Constituent College of University of Delhi in India

Shivaji College is a constituent college of the University of Delhi. It offers degrees in various subjects at both undergraduate and postgraduate levels.

== History ==
Shivaji College was established in 1961 in New Delhi by the Dr Panjabrao Deshmukh, The college was established to provide education in what was a largely rural area.

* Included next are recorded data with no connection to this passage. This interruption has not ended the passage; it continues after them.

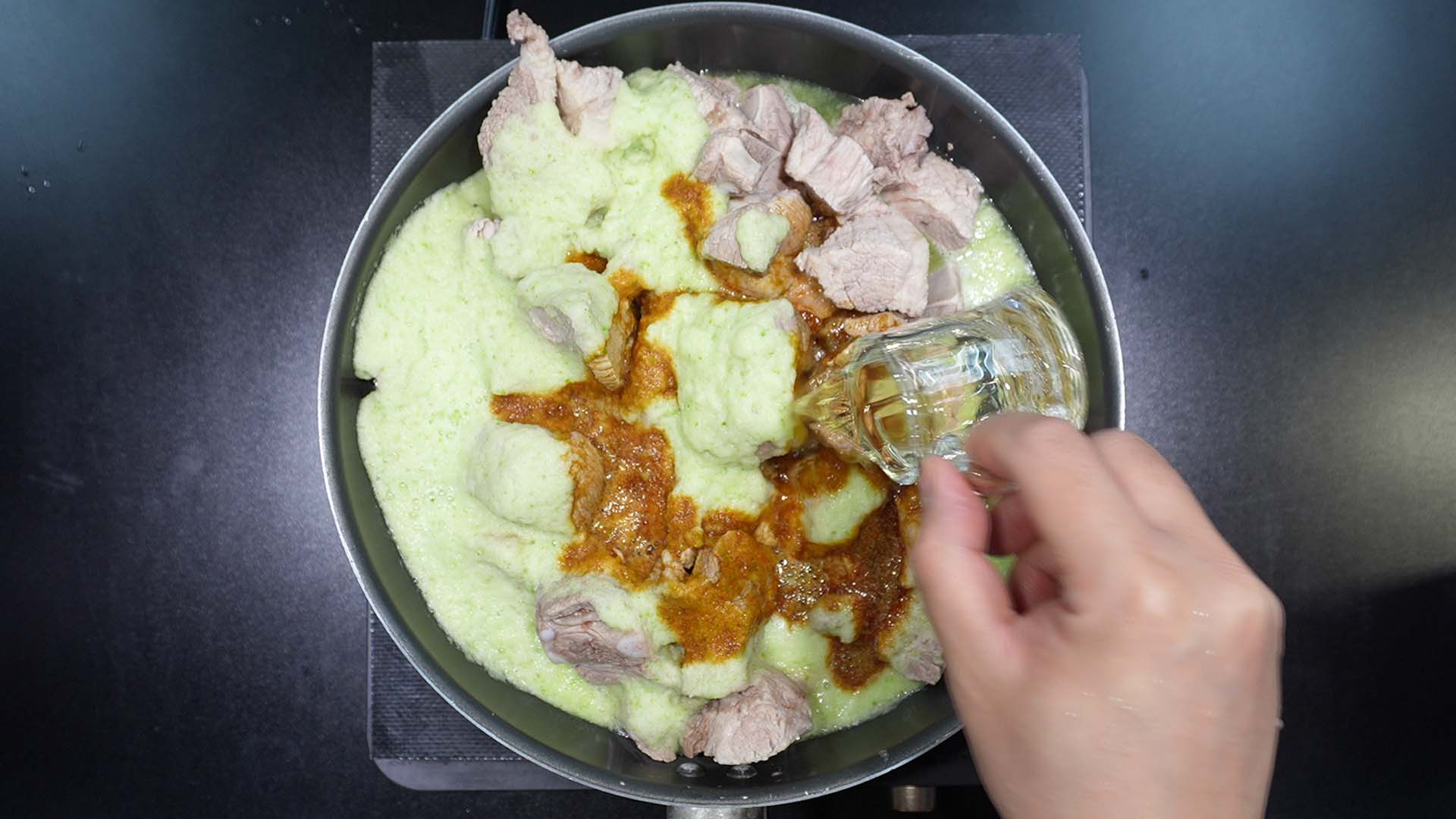 4) 맛술을 냄비에 넣어준다
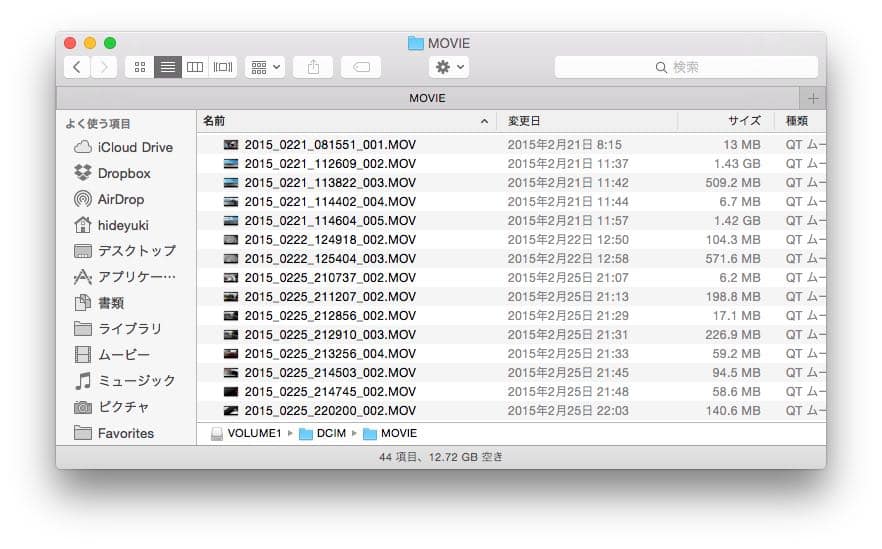 実際には、MacでマイクロSDカードの閲覧をするとこんな感じで問題なし。
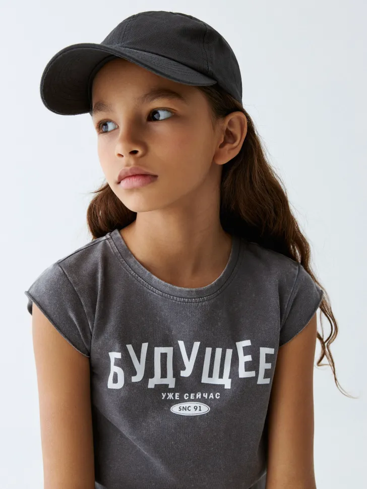 Укороченная футболка с принтом для девочек, арт. 12011
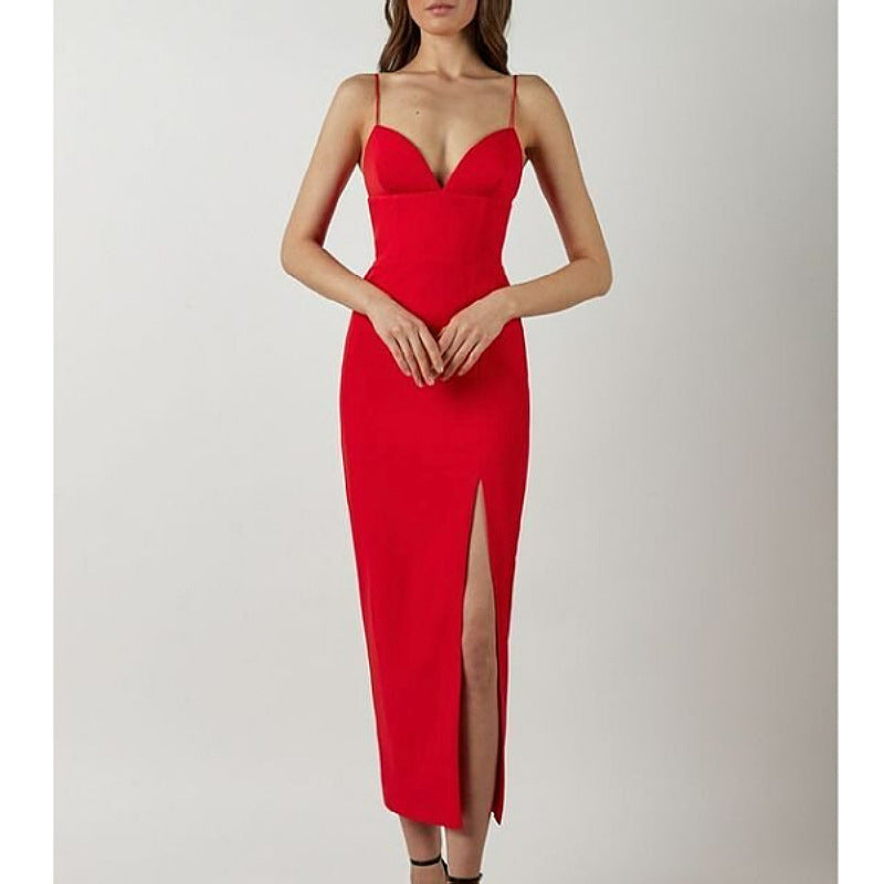 Women's Spaghetti Strap Deep V Neck Bodycon Slit Evening Party Dress
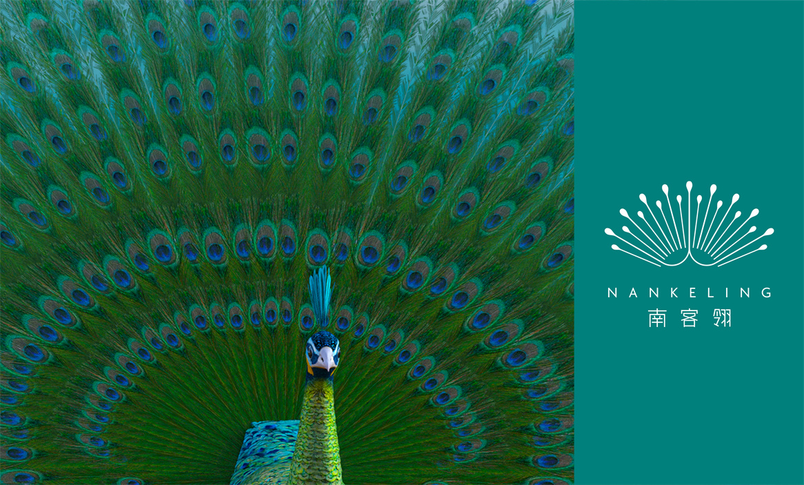 孔雀又名越鳥、南客,被視為“百鳥之王”,是最美麗的觀賞鳥,是吉祥、善良、美麗、華貴的象征。南客翎即孔雀翎,其品牌及意義也取于此。孔雀開屏,五彩繽紛、絢麗奪目,代表一種美和美好的象征。南客翎的品牌形象設計表達巧妙的抓取了這一美好時刻,加以設計提煉,取其形而鍛其神,簡約而不簡單,形象而直觀的表達了孔雀開屏之美。
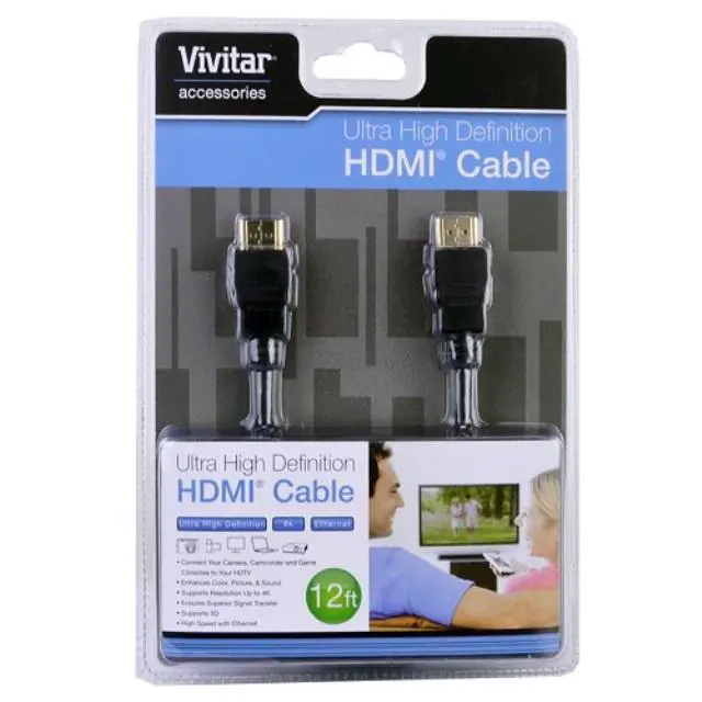 The High-Speed HDMI to HDMI Cable with Ethernet from Vivitar is a high performance cable ideal for HDTV DVD/Blu-ray players and cable and satellite boxes This premium cable supports ultra-fast speeds 3D content and ultra-high resolution of 4K It includes HDMI Ethernet Channel technology that consolidates video audio and data streams into a single HDMI cable combining the unmatched signal quality and convenience of HDMI connectivity with the power and flexibility of home entertainment networking Features Color Black Twelve foot cable Ensures speed and accuracy Supports multiple audio formats Provides complete immunity to environmental Emi and Rfi Delivers sharp detail and natural color Supports 3-D Resolutions up 4K Supports more color spaces High speed with Ethernet Package Includes 12 Vivitar VIV-HDMI-12-R Ultra High Definition HDMI Cable

This college infrastructure includes a library, over 78,000 books, and e-journals and e-books through the Delhi University Library System (DULS).

== Academics ==

=== Academic programmes ===
Within the constraints of prescribed syllabi, this college attempts to offer an eclectic selection, a range of options for students.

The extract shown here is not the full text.